Ian Fleming in Macao


In 1959 Fleming took a trip around the world visiting key cities and reporting about them to the Sunday Times. A compilation of these articles was published in book form in 1964 under the title of Thrilling Cities, the same year as his death. Cities traveled included: Hong Kong, Macau, Tokyo, Honolulu, L.A., Las Vegas, Chicago, New York, Hamburg, Berlin, Vienna, Geneva, Naples, and Monte Carlo. In lieu of my own budget, I plan on posting on Fleming's trip vicariously, starting with Macao. The following is Fleming's trip to the Central Hotel, which he describes as a nine-story skyscraper which isn't exactly a hotel. It is devoted to human vices. And the "higher up the building, the largest in Macau, the more beautiful and expensive are the girls, the higher the stakes at the gambling tables, and the better the music." In the excerpt, Fleming has just described the rules and ambiance of playing fan-tan at this din of sin.
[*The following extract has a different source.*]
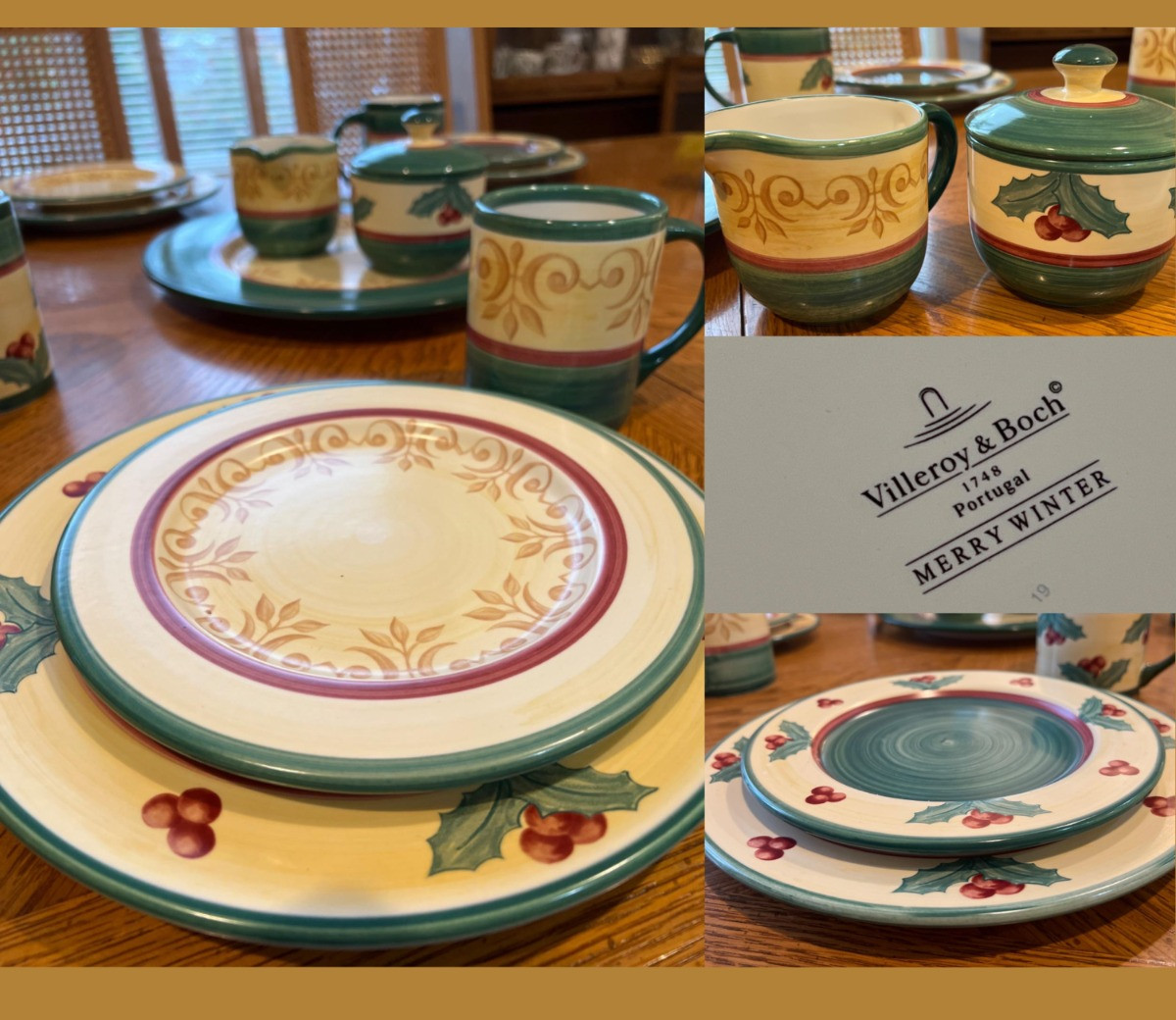 Villeroy & Boch (no longer available) "Merry Winter" holiday dishes originally purchased in Germany at the Christmas Market. The set includes: 6 Dinner Plates - 10.5 inches 6 Salad Plates - 8.25 inches 6 Handled Mugs - 4.5 inches tall (one mug has small chip at the rim). Sugar and Creamer - 4 inches tall Large Platter - 13.5 inches Set has two designs - holly and berry and Spanish scroll. Value ranges between $650-$700.

Having educated ourselves in these matters [gambling], Dick Hughes and I repaired to our sixth-floor dance hall to see how Mr. Foo was handling the second human vice. The place had a central, well-lit dance floor and a well-disciplined eight-piece “combo” playing good but conventional jazz. In the shadows round the walls sat some twenty or thirty “hostesses.” Dick Hughes and I arranged ourselves at a comfortable banquette in the sparsely frequented room and ordered gins and tonics and two hostesses. Mine was called Garbo, “same like film star,” she explained. She wore a pale-green embroidered cheongsam and a “Mamie Eisenhower” bang rather low on the forehead. She had the usual immaculate ivory skin and the conventional “almond” eyes, which were bright with intelligence and a desire to please. Rather startlingly, she appeared to have black lipstick, but as my eyes grew accustomed to the light, this turned crimson. Dick’s girl was a trifle older, perhaps thirty-five, wore a beige cheongsam, and was more forward and vivacious than Garbo. They asked for lemonades, and for a while we made the usual rattling, gay, and highly artificial night-club conversation. When, in my case, the springs threatened to run dry, I fell back on the hoary gambit of reading my partner’s hand.
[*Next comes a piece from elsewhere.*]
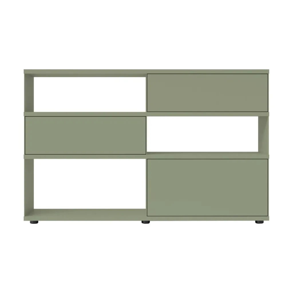 Mit seinen lang gestreckten Feldern und den glatten Türen drückt das Flow Q Sideboard mit 2 Schubkästen und Klapptür 160x99x40cm Ordnung und Aufgeräumtheit aus. Seine zarten Seitenwände zeigen einen leichten Charakter, während die kräftigen Regalböden eine robuste Belastbarkeit versprechen. Sie können schwere Bücher oder Akten aufnehmen. Gleichzeitig bieten zwei Schubkästen und eine Klapptür sensiblen Bürounterlagen oder privatem Krimskrams Schutz vor neugierigen Blicken. Die grifflosen Beschläge sind mit einer raffinierten Push-to-open-Mechanik ausgestattet. Die Box lässt sich von beiden Seiten bedienen, weshalb das Flow Q Sideboard mit 2 Schubkästen und Klapptür 160x99x40cm nicht nur an einer Wand, sondern auch mitten im Raum stehen kann. Aus matt lackierten MDF-Platten gefertigt, lässt es sich einfach reinigen und eignet sich fürs Büro genauso wie fürs Wohnzimmer.

Through experience in this science, dating back to my teens, I have acquired a crude expertise in palmistry, and with my first pronouncement that Garbo had three children, I hit a lucky jackpot. The two girls chattered excitedly and, realizing with awe that her hand was being held by a great soothsayer from the West, perspiration rose in Garbo’s palm and she was hard put to it to keep this dew at bay with a paper napkin. In the reverent hush that ensued, looking alternately into the dewy palm and the reverent almond eyes, I solemnly warned her that her heart was not ruled by her head, that she had artistic leanings which had not yet come to fruition, that she would have a serious illness when she was about fifty, and finally, provocatively, that she was inclined to be under-sexed. This last pronouncement was greeted with much hilarious protestation which drew two more girls to our table and involved me in a further hour of miscellaneous prognostication and consumption of gins and tonics.